> _ACTIVITY_: In the entries below, begin at the line that has "Queste sono le" and stop after the line that has "Q.安くなりませんか? A."; output those lines exactly, leaving out pictures.

> _DATASET RECORDS_:
Content starts

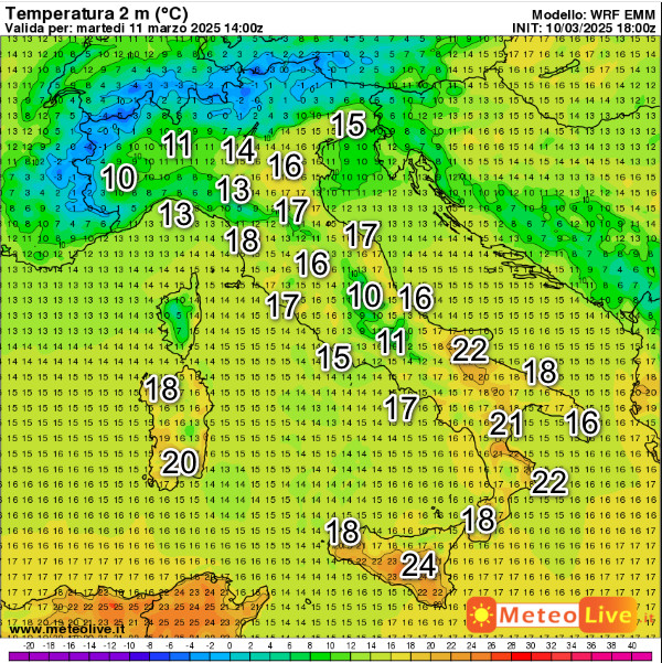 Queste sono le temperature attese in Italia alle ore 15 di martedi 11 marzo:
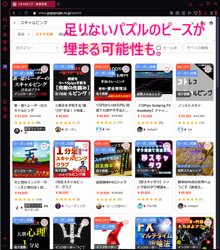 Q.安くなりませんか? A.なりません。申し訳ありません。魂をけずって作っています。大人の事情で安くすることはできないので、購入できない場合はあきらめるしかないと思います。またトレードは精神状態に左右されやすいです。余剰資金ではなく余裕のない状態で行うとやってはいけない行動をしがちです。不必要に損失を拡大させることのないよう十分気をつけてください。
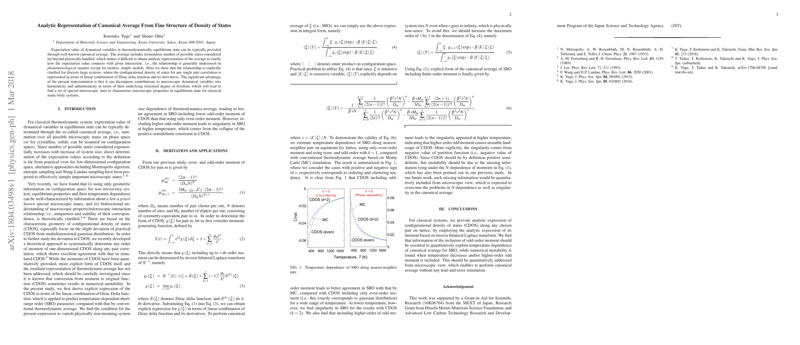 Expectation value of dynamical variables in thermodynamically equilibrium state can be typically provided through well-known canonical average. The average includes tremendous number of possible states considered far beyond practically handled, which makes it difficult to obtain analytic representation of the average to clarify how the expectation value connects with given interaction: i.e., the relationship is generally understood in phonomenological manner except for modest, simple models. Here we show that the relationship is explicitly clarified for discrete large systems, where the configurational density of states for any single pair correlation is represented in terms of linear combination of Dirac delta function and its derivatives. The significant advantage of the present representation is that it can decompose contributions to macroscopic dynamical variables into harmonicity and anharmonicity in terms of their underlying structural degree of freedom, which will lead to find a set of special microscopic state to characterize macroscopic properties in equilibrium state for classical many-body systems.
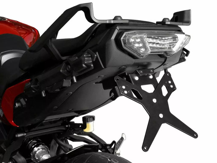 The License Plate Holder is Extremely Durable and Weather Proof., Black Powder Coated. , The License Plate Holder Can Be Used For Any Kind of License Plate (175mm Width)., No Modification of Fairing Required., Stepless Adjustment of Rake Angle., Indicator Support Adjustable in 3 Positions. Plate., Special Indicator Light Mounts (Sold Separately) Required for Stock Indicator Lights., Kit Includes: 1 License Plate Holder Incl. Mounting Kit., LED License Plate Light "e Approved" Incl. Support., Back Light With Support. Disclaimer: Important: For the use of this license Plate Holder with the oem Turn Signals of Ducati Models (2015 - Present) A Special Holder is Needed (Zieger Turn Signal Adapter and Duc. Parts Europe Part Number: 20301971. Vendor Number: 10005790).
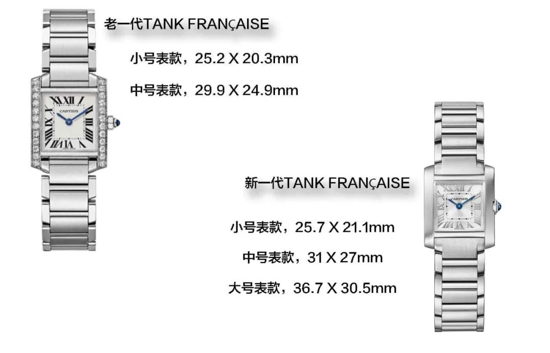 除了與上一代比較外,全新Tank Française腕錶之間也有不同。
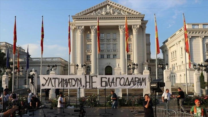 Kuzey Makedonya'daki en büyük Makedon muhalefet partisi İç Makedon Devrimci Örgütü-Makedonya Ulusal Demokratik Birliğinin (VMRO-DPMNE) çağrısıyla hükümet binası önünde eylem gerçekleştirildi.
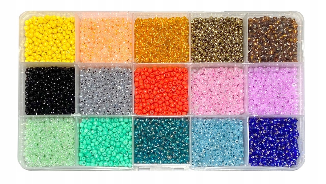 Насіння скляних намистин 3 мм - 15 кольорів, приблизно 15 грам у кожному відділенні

Content ends
Content starts

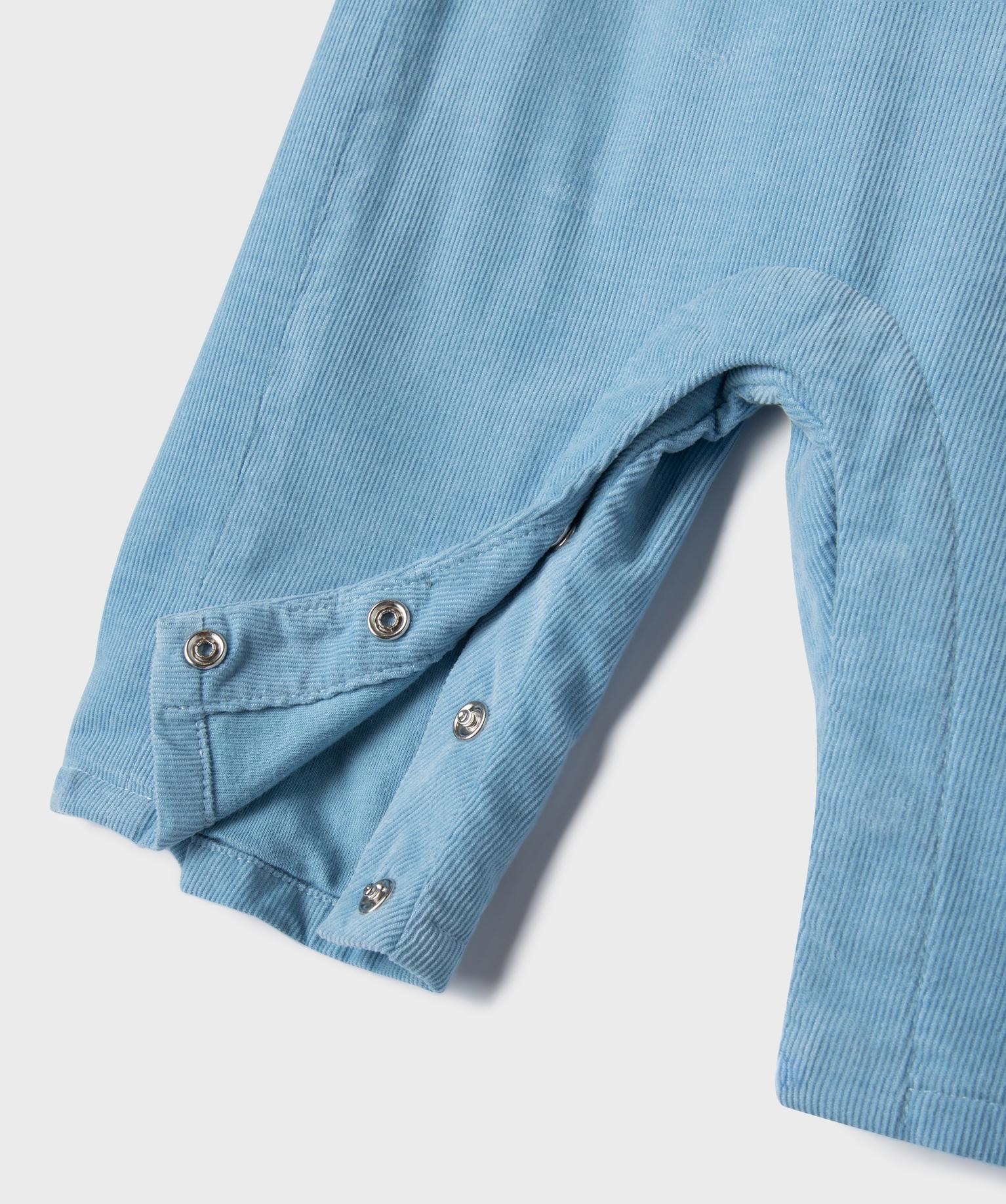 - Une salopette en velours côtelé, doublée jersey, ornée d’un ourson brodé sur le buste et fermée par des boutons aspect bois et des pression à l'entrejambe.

Content ends
Content starts

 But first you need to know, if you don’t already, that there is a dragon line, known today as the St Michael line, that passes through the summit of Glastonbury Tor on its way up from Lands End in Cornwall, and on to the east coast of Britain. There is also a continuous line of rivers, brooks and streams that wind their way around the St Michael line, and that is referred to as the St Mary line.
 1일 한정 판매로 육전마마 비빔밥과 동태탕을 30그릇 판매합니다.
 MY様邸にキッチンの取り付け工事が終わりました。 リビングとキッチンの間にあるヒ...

Content ends

> _EXERCISE ANSWER_:
 Queste sono le temperature attese in Italia alle ore 15 di martedi 11 marzo:
 Q.安くなりませんか? A.なりません。申し訳ありません。魂をけずって作っています。大人の事情で安くすることはできないので、購入できない場合はあきらめるしかないと思います。またトレードは精神状態に左右されやすいです。余剰資金ではなく余裕のない状態で行うとやってはいけない行動をしがちです。不必要に損失を拡大させることのないよう十分気をつけてください。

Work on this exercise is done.